> [Problem details] Copy, word for word, the lines of the listing below from the line with "Chinaplas2018虽" up to and including the line with "- 바닥이 파쇄석이에요. 텐트 밑에 깔 매트를 꼭 준비하세요!". Drop the pictures.

> [Listed records]
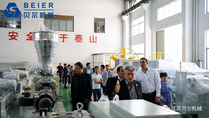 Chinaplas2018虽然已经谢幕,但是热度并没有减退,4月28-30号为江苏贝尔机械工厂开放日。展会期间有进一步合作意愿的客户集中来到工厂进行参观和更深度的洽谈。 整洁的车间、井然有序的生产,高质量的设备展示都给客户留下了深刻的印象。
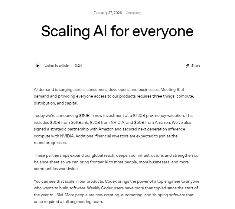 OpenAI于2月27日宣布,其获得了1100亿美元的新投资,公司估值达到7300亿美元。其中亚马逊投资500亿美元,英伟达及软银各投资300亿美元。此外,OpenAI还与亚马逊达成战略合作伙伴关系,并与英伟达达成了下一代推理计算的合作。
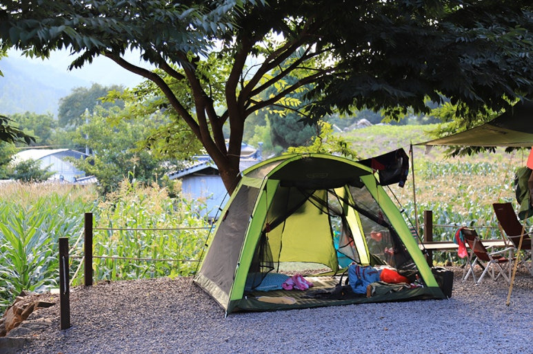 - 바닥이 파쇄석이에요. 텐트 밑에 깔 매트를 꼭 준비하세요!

...

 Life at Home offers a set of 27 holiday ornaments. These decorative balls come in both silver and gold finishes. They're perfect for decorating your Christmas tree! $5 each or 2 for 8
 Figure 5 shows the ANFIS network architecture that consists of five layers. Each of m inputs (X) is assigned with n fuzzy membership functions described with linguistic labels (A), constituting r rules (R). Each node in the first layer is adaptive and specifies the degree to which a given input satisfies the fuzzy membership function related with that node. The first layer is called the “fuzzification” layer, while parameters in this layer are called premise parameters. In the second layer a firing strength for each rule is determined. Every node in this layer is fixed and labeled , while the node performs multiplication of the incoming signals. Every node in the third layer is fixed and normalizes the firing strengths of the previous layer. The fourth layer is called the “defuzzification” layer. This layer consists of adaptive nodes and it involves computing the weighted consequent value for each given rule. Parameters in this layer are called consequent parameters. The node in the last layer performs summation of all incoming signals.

> [Answer to the problem]
 Chinaplas2018虽然已经谢幕,但是热度并没有减退,4月28-30号为江苏贝尔机械工厂开放日。展会期间有进一步合作意愿的客户集中来到工厂进行参观和更深度的洽谈。 整洁的车间、井然有序的生产,高质量的设备展示都给客户留下了深刻的印象。
 OpenAI于2月27日宣布,其获得了1100亿美元的新投资,公司估值达到7300亿美元。其中亚马逊投资500亿美元,英伟达及软银各投资300亿美元。此外,OpenAI还与亚马逊达成战略合作伙伴关系,并与英伟达达成了下一代推理计算的合作。
 - 바닥이 파쇄석이에요. 텐트 밑에 깔 매트를 꼭 준비하세요!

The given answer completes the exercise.